There are some key drivers in any property market: employment levels, net migration, crowding, property sale volumes, construction, affordability, rents, and number of days to sell property to name a few. All of these remain at relatively stable levels.

The first home buyer market is certainly buoyant (new mortgage registrations rose from 24.8% to 26.4% last month) with lenders easing up on restrictions along with attractive interest rates — with no predictions of tightening anytime soon.

Changes to LVR's
The RBNZ Financial Stability Report released on Wednesday the RB noted the slowing in mortgage lending growth and house price inflation.

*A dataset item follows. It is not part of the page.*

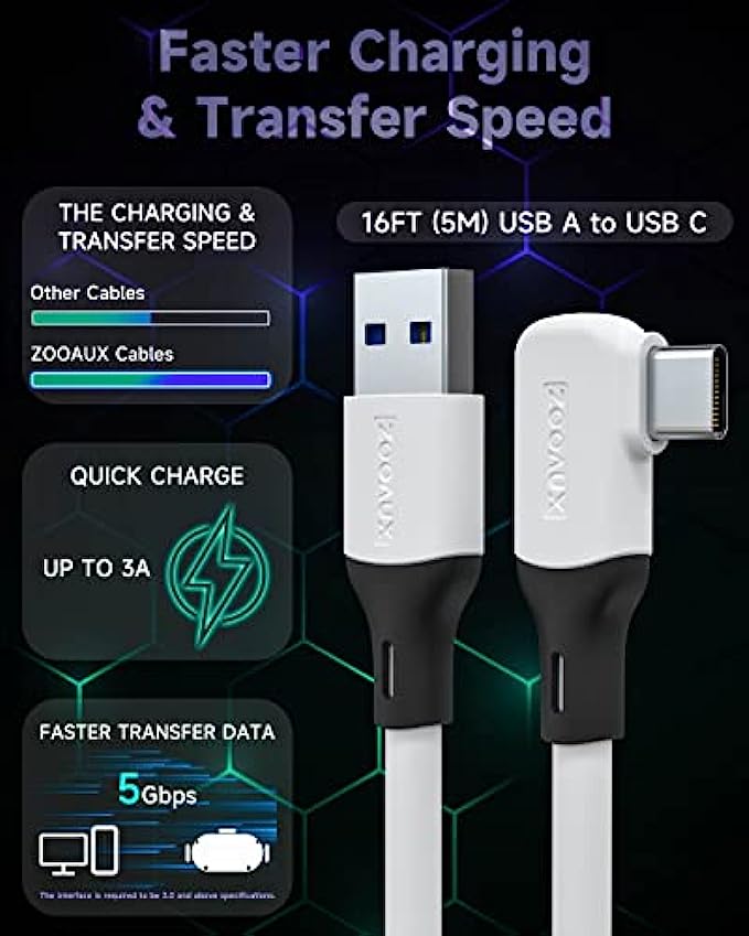 ZOOAUX Link Cable 16 FT Compatible with Meta/Oculus Quest 2 Accessories and PC/Steam VR, Fast Charing & PC Data Transfer USB C 3.2 Gen1 Cable for VR Headset and Gaming PC

In response they have cut the minimum deposit requirement for investors from 35% to 30% (having cut it from 40% a year ago). And banks may now have up to 20% of their lending to owner occupiers at less than 20% deposit. This had been 15% from the earlier 10% percentage of volume limit.

Will these changes affect property values?
Not really. At least, they certainly won’t lead to large rises in house prices, but the changes should bring further stability to the market. Remember when they imposed the changes as the market was rising?  They were never to bring house prices down, they were just to slow the growth and stabilise the market.  Now it’s the reverse.

The sellers market has passed (2 years ago), but the balanced market environment we are presented with is a healthy one. Values remain relatively stable along with stock levels and sales volumes. I see this property climate remaining similar for a few years yet.

Do I need to pay capital gains tax on the sale of my home?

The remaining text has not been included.